• **REQUIRED WORK**: Copy only what lies from the line containing "Elevate your space" through the line containing "The ship’s main" in the entries below, keeping both end lines exact and dropping every picture.

• **RECORDS FOR THIS TASK**:
%%

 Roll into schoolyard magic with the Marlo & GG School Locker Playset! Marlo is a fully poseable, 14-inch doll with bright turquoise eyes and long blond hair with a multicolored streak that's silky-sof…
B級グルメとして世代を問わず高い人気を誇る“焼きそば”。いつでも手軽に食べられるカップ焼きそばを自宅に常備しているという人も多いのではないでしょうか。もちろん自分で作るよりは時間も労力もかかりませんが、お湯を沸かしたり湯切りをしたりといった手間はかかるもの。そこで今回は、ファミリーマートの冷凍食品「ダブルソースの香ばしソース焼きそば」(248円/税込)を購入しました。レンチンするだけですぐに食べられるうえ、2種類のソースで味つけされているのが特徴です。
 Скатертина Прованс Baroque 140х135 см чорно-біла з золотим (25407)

%%
%%

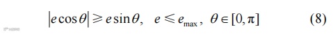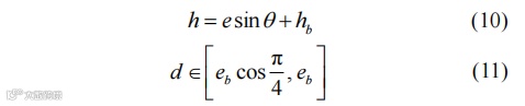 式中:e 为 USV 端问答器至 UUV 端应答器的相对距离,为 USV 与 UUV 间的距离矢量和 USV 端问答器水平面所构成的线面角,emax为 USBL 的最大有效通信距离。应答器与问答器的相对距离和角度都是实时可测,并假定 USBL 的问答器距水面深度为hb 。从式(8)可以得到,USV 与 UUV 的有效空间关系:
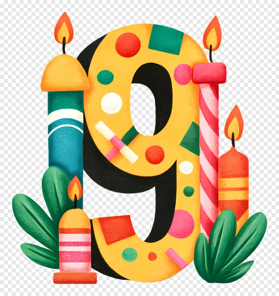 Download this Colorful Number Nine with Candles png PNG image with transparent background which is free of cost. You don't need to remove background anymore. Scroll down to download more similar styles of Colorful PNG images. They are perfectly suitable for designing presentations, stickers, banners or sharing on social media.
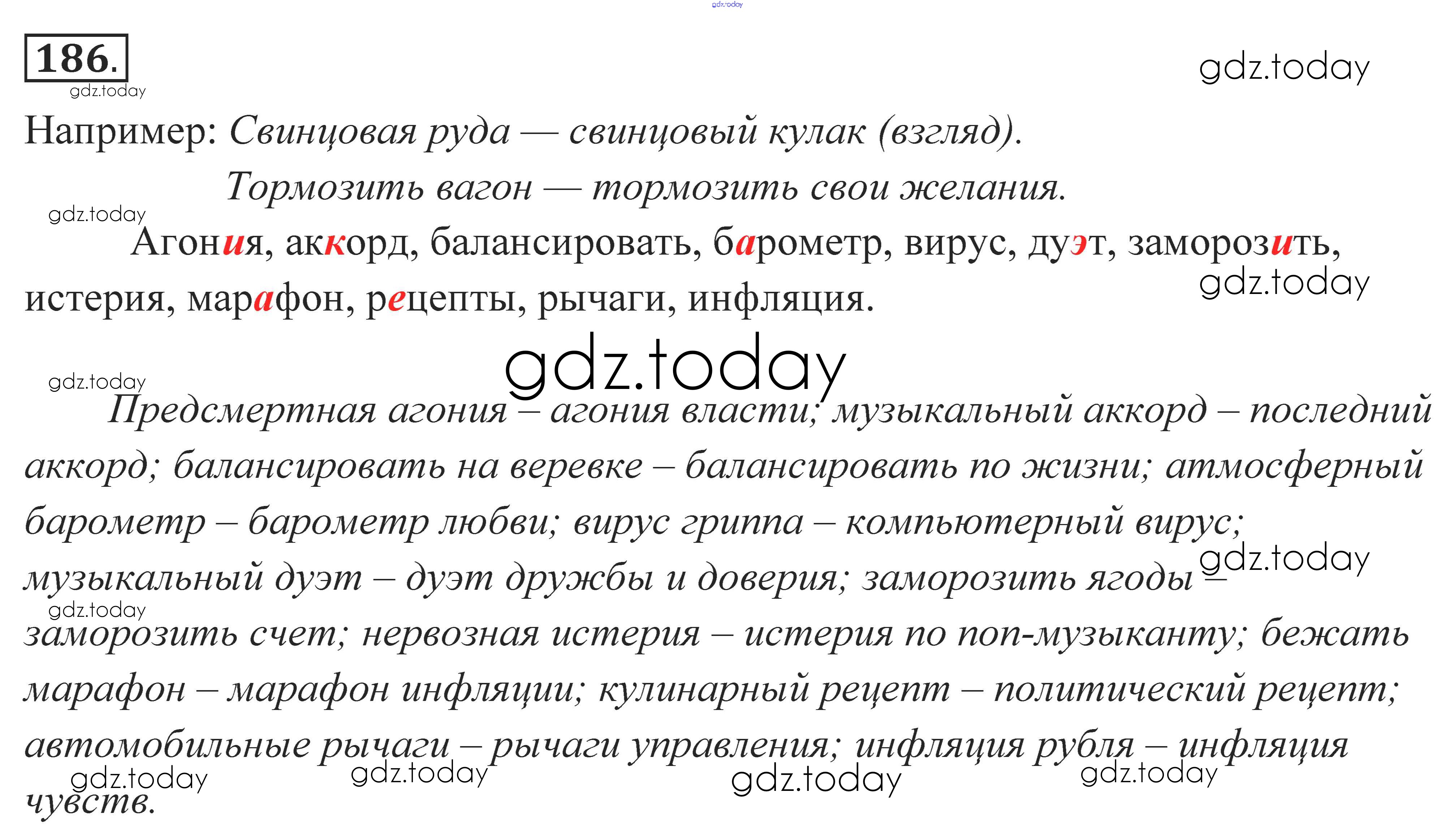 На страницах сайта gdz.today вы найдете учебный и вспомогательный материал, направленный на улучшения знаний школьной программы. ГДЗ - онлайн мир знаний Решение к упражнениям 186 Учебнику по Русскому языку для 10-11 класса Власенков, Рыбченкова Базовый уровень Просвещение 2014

%%
%%

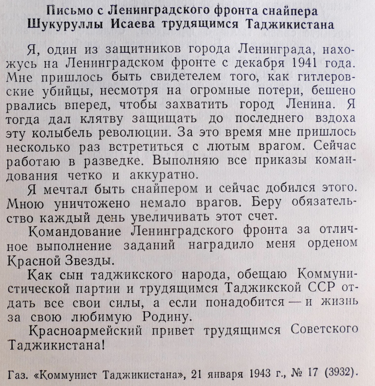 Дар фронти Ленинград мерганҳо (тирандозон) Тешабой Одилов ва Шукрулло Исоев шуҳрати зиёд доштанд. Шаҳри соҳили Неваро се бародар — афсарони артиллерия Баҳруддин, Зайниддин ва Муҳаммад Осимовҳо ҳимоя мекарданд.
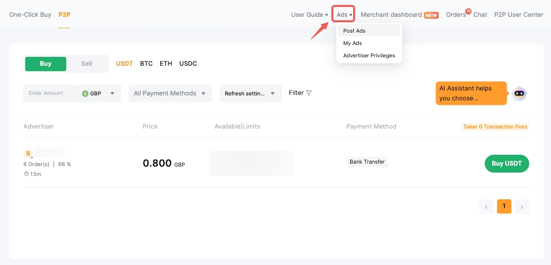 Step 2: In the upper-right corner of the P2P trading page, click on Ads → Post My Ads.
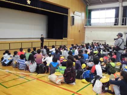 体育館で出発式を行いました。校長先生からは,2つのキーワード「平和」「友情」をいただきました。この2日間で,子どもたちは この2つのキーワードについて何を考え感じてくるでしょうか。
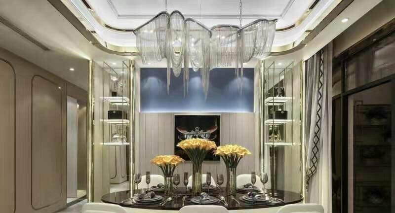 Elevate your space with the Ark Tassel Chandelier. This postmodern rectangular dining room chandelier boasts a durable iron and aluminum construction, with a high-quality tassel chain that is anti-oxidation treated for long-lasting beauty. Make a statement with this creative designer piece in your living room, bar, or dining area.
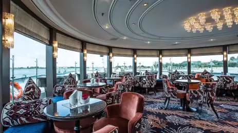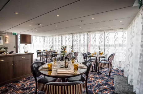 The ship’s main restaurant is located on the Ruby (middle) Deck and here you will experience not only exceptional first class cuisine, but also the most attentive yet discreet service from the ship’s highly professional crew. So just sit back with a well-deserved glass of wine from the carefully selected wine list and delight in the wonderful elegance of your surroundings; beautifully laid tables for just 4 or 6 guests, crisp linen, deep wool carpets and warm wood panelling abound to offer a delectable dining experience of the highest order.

%%

• **SOLUTION TO THE EXERCISE**:
 Elevate your space with the Ark Tassel Chandelier. This postmodern rectangular dining room chandelier boasts a durable iron and aluminum construction, with a high-quality tassel chain that is anti-oxidation treated for long-lasting beauty. Make a statement with this creative designer piece in your living room, bar, or dining area.
 The ship’s main restaurant is located on the Ruby (middle) Deck and here you will experience not only exceptional first class cuisine, but also the most attentive yet discreet service from the ship’s highly professional crew. So just sit back with a well-deserved glass of wine from the carefully selected wine list and delight in the wonderful elegance of your surroundings; beautifully laid tables for just 4 or 6 guests, crisp linen, deep wool carpets and warm wood panelling abound to offer a delectable dining experience of the highest order.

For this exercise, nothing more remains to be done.